**INFORMATION SUPPLIED**
----------

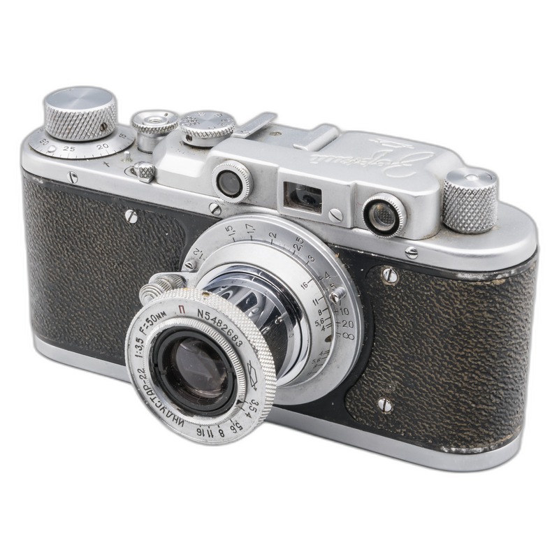 The Zorki 1 holds a significant place as one of the first Soviet Leica-inspired 35mm rangefinder cameras to emerge following World War II. Produced in Krasnogorsk near Moscow by KMZ (Krasnogorsky Mekhanichesky Zavod), it represented a crucial early effort by the USSR to establish domestic production of high-quality miniature cameras, moving beyond simple imitations towards developing indigenous capabilities. Its design was heavily based on the pre-war Leica II (Model D), featuring a coupled rangefinder integrated into the viewfinder, a horizontal cloth focal-plane shutter, and a threaded M39 lens mount, directly mirroring Leica's influential architecture. This foundation established the Zorki series and the later, more successful Fed series, becoming workhorses for Soviet photographers and enthusiasts during the late 1940s and 1950s.
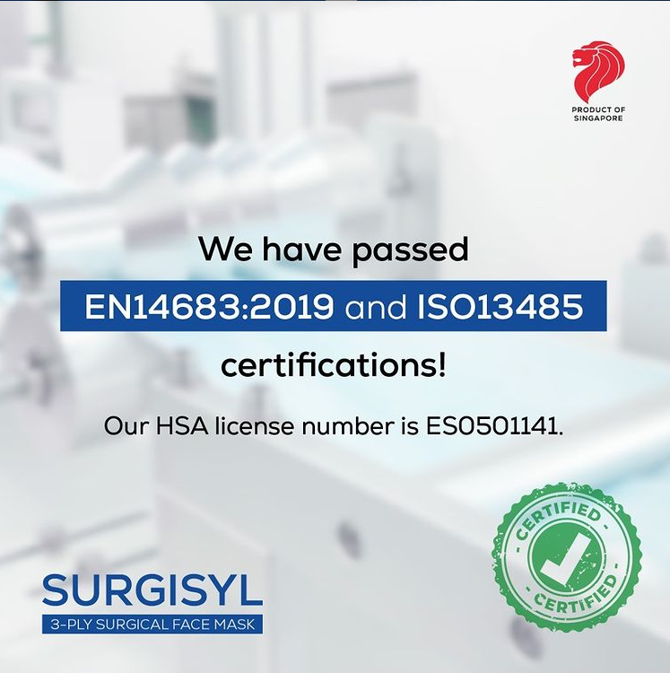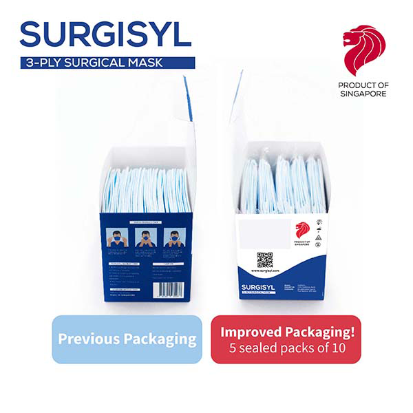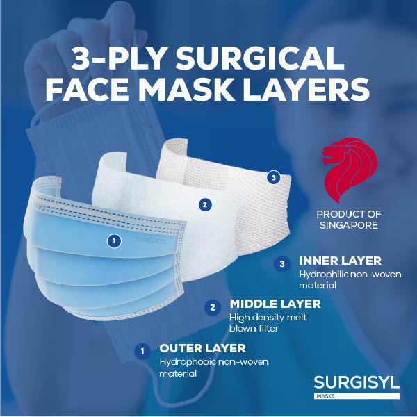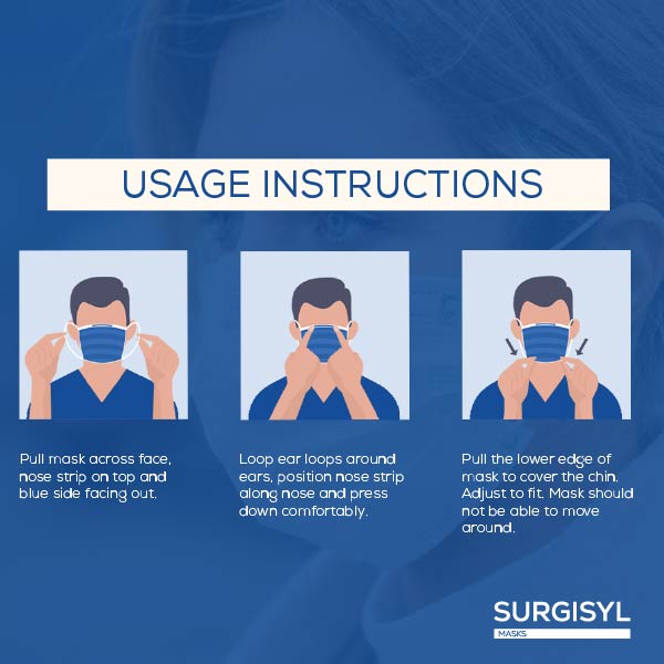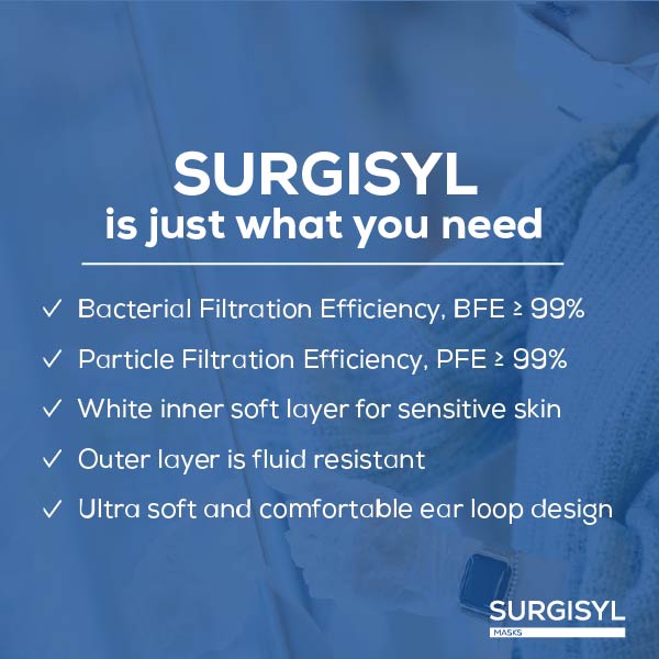 SURGISYL 3-Ply Disposable Face Masks have a Bacterial Filtration Efficiency (BFE) of 99%. Designed with comfortable ear loops and a form-fitting design, it is also breathable and hypoallergenic.
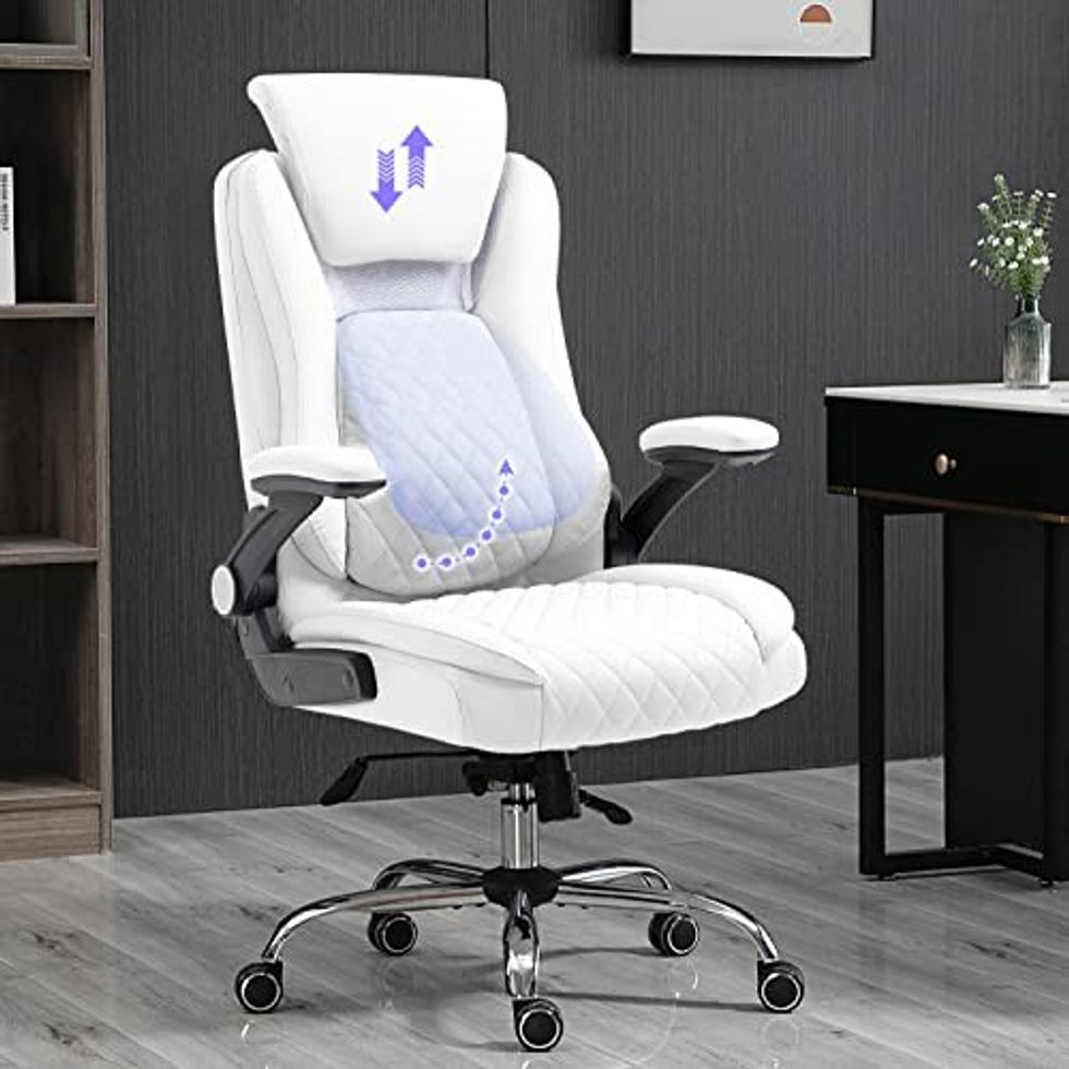 There are so many reasons to fall in love with this office chair. For one, it offers an ergonomic design with an adjustable lumbar support and headrest. Plus, the faux leather upholstery is plush, durable, and resistant to stains and cracks, so it will always look pristine.
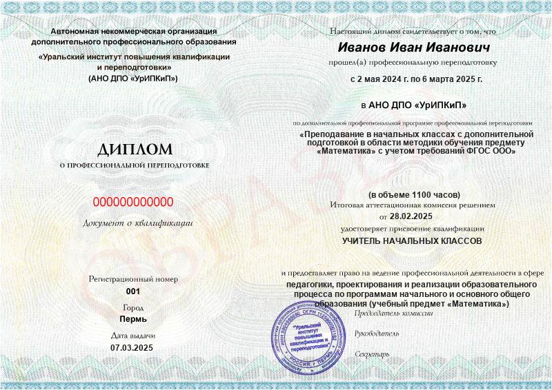 В таких условиях учитель должен обладать рядом профессиональных компетенций, овладеть которыми можно в ходе изучения дисциплин данной образовательной программы. После сдачи итогового тестирования вам будет вручен диплом установленного образца и присвоена квалификация «Учитель начальных классов», закреплённая в едином квалификационном справочнике. Кроме того, вы изучите технологию преподавания математики в условиях функционирования ФГОС ООО, в результате чего сможете хорошо ориентироваться в многообразии математических терминов и понятий, доступно объяснять учебный материал и показывать возможности практического применения математических знаний.

----------

**ACTION ITEM**
Write out the whole listing again, exactly, with no pictures.

**TASK RESULT**
 The Zorki 1 holds a significant place as one of the first Soviet Leica-inspired 35mm rangefinder cameras to emerge following World War II. Produced in Krasnogorsk near Moscow by KMZ (Krasnogorsky Mekhanichesky Zavod), it represented a crucial early effort by the USSR to establish domestic production of high-quality miniature cameras, moving beyond simple imitations towards developing indigenous capabilities. Its design was heavily based on the pre-war Leica II (Model D), featuring a coupled rangefinder integrated into the viewfinder, a horizontal cloth focal-plane shutter, and a threaded M39 lens mount, directly mirroring Leica's influential architecture. This foundation established the Zorki series and the later, more successful Fed series, becoming workhorses for Soviet photographers and enthusiasts during the late 1940s and 1950s.
 SURGISYL 3-Ply Disposable Face Masks have a Bacterial Filtration Efficiency (BFE) of 99%. Designed with comfortable ear loops and a form-fitting design, it is also breathable and hypoallergenic.
 There are so many reasons to fall in love with this office chair. For one, it offers an ergonomic design with an adjustable lumbar support and headrest. Plus, the faux leather upholstery is plush, durable, and resistant to stains and cracks, so it will always look pristine.
 В таких условиях учитель должен обладать рядом профессиональных компетенций, овладеть которыми можно в ходе изучения дисциплин данной образовательной программы. После сдачи итогового тестирования вам будет вручен диплом установленного образца и присвоена квалификация «Учитель начальных классов», закреплённая в едином квалификационном справочнике. Кроме того, вы изучите технологию преподавания математики в условиях функционирования ФГОС ООО, в результате чего сможете хорошо ориентироваться в многообразии математических терминов и понятий, доступно объяснять учебный материал и показывать возможности практического применения математических знаний.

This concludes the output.